RECORDS FOR THIS TASK

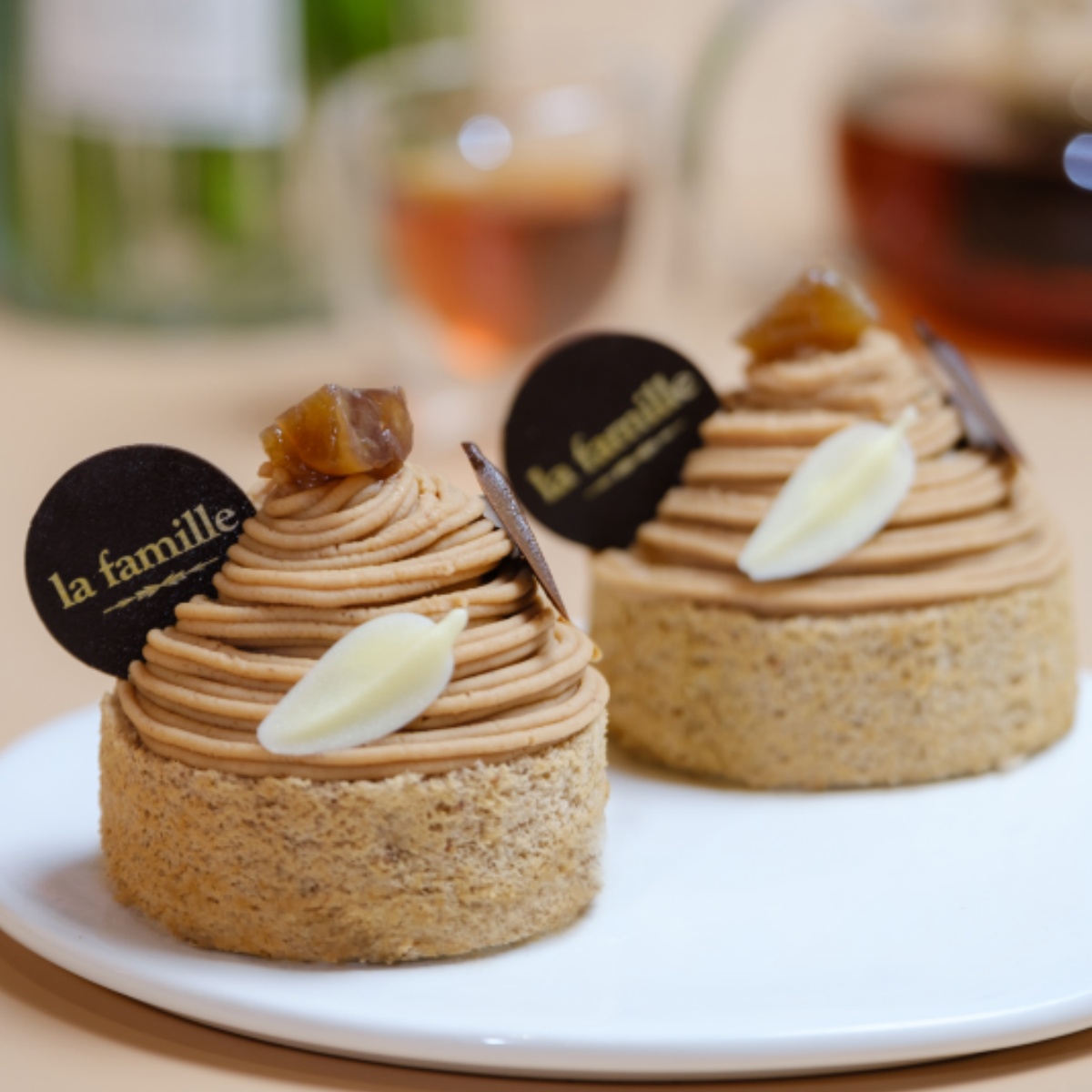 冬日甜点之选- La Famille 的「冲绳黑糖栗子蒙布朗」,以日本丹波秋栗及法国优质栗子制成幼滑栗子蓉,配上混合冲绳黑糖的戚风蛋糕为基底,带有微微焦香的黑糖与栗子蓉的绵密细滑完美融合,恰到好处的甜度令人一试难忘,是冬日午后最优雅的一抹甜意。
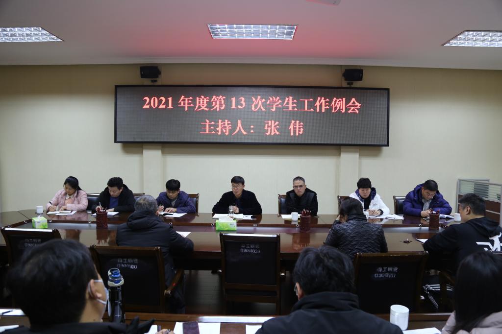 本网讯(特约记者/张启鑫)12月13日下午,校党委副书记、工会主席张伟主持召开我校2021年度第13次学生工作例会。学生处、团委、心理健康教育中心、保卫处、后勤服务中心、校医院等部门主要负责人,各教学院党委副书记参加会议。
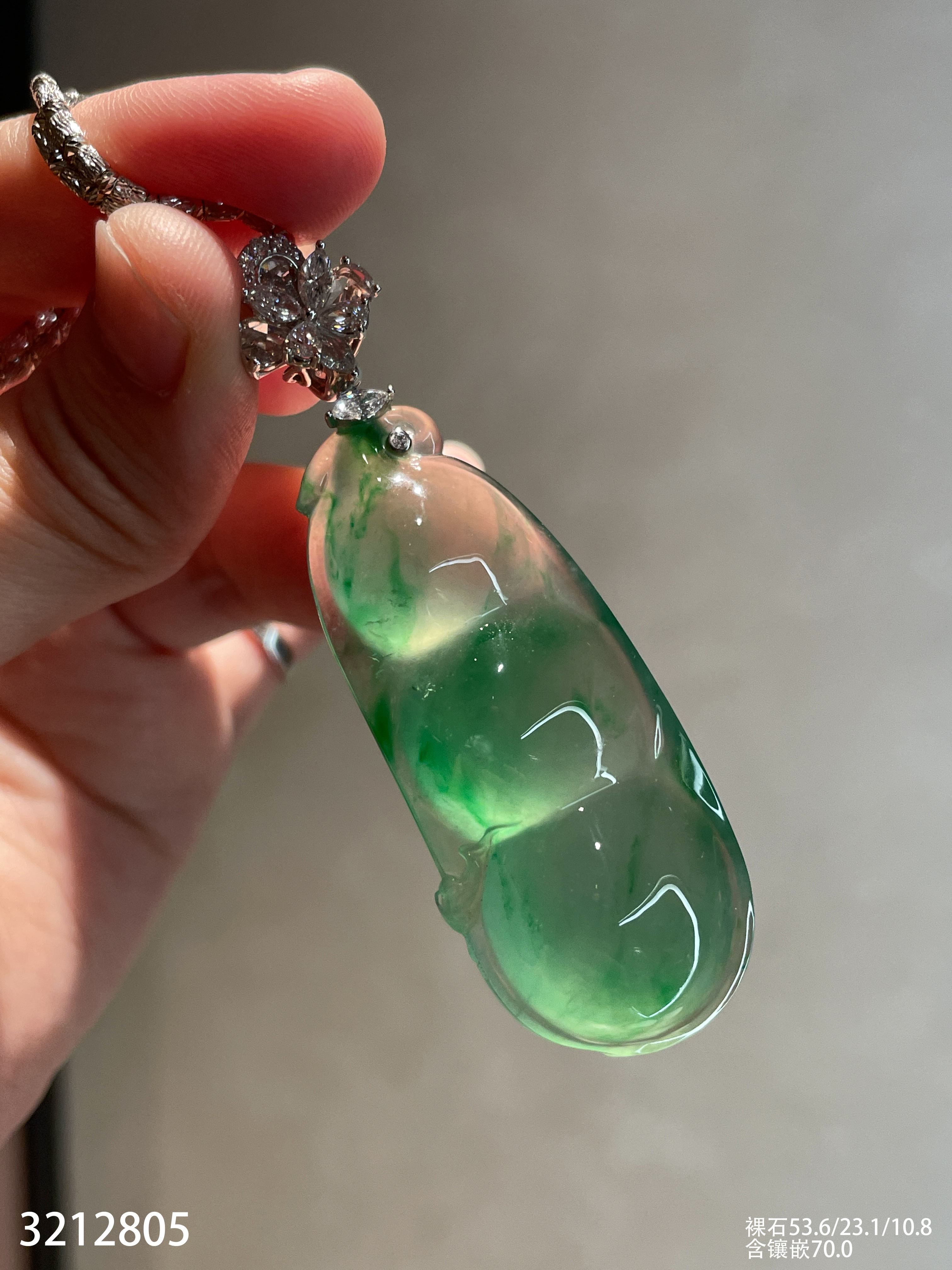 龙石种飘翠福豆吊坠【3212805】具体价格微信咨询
--
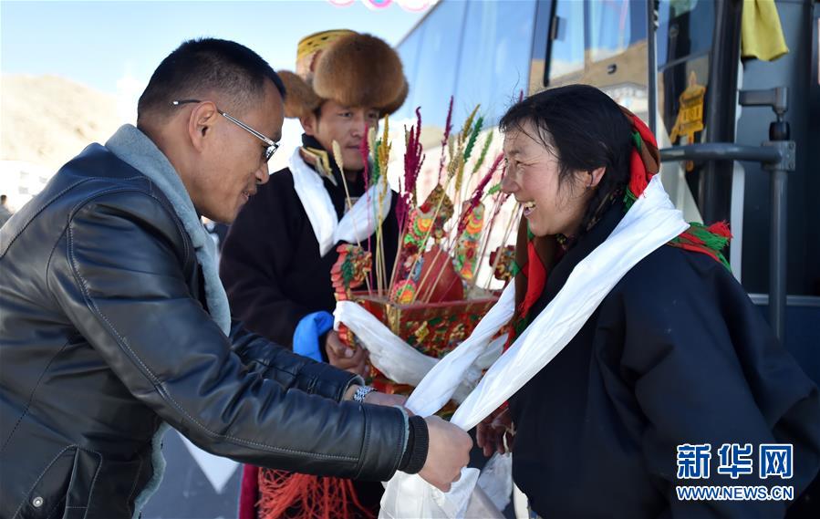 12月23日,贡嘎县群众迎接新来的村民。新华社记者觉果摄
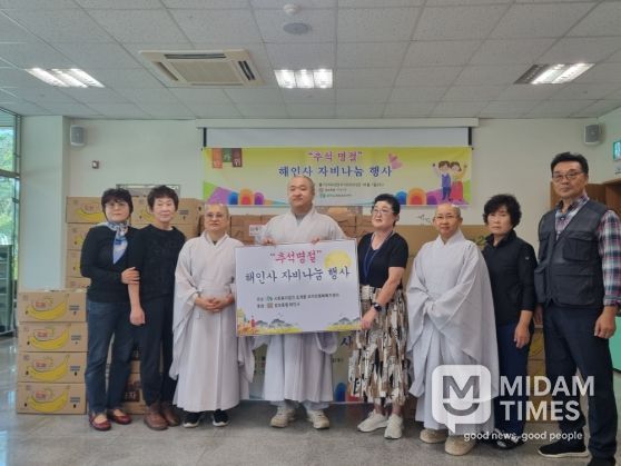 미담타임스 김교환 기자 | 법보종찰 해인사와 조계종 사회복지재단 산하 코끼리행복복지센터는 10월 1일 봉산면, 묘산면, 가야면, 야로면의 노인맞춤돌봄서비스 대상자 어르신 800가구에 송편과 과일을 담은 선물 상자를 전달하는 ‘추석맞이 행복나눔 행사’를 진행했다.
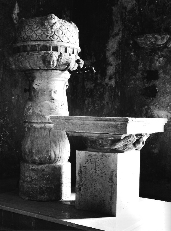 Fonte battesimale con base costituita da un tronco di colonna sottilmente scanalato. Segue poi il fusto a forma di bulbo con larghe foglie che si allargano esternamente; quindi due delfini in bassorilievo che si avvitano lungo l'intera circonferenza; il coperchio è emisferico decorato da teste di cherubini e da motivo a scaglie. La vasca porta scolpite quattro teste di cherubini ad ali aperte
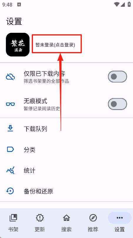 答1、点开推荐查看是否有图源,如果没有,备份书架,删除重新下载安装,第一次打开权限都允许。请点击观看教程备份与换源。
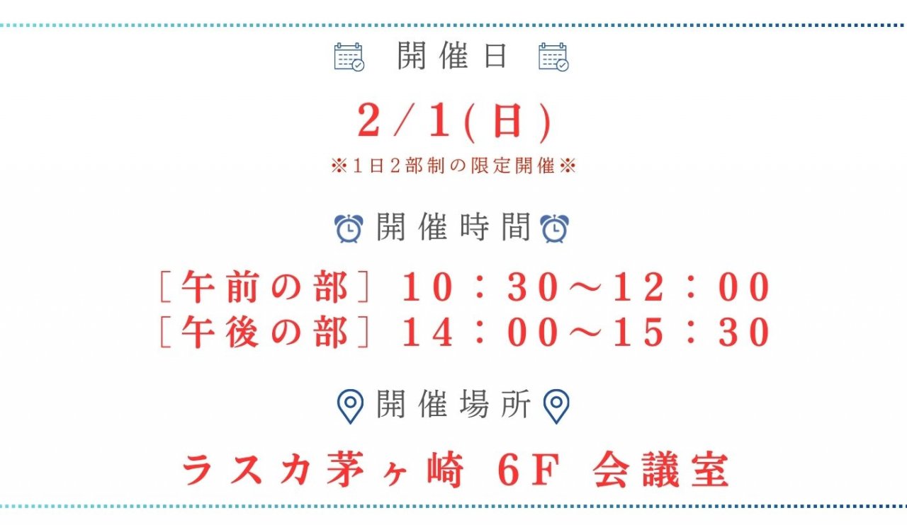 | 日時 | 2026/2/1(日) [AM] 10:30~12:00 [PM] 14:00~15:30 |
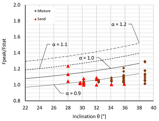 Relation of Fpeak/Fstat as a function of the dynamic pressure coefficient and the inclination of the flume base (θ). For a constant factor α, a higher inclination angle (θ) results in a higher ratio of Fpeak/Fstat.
==
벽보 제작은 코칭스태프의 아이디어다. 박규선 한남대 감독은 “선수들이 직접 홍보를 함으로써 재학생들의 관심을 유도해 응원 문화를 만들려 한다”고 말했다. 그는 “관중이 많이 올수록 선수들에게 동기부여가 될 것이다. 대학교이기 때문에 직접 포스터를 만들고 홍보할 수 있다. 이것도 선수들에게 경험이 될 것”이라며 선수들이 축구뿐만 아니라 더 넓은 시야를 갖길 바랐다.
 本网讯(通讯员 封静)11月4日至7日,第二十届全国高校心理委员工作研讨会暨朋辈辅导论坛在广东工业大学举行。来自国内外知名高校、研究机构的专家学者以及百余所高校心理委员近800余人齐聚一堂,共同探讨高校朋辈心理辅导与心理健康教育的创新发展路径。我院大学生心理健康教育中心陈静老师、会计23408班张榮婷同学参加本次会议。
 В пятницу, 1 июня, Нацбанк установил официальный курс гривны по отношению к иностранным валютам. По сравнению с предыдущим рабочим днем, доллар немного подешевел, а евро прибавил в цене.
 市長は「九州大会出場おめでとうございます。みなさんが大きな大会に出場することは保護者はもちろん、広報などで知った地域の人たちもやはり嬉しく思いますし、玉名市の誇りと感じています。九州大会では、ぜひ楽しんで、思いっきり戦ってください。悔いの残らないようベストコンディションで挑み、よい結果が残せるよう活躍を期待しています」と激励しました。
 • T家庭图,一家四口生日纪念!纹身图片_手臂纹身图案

WHAT YOU SHOULD DO
Out of the records above, set down only the lines from the one that contains "[PM] 14:00~15:30 |" through the one that contains "Relation of Fpeak/Fstat", unchanged and without the pictures.

WRITTEN SOLUTION
 | 日時 | 2026/2/1(日) [AM] 10:30~12:00 [PM] 14:00~15:30 |
 Relation of Fpeak/Fstat as a function of the dynamic pressure coefficient and the inclination of the flume base (θ). For a constant factor α, a higher inclination angle (θ) results in a higher ratio of Fpeak/Fstat.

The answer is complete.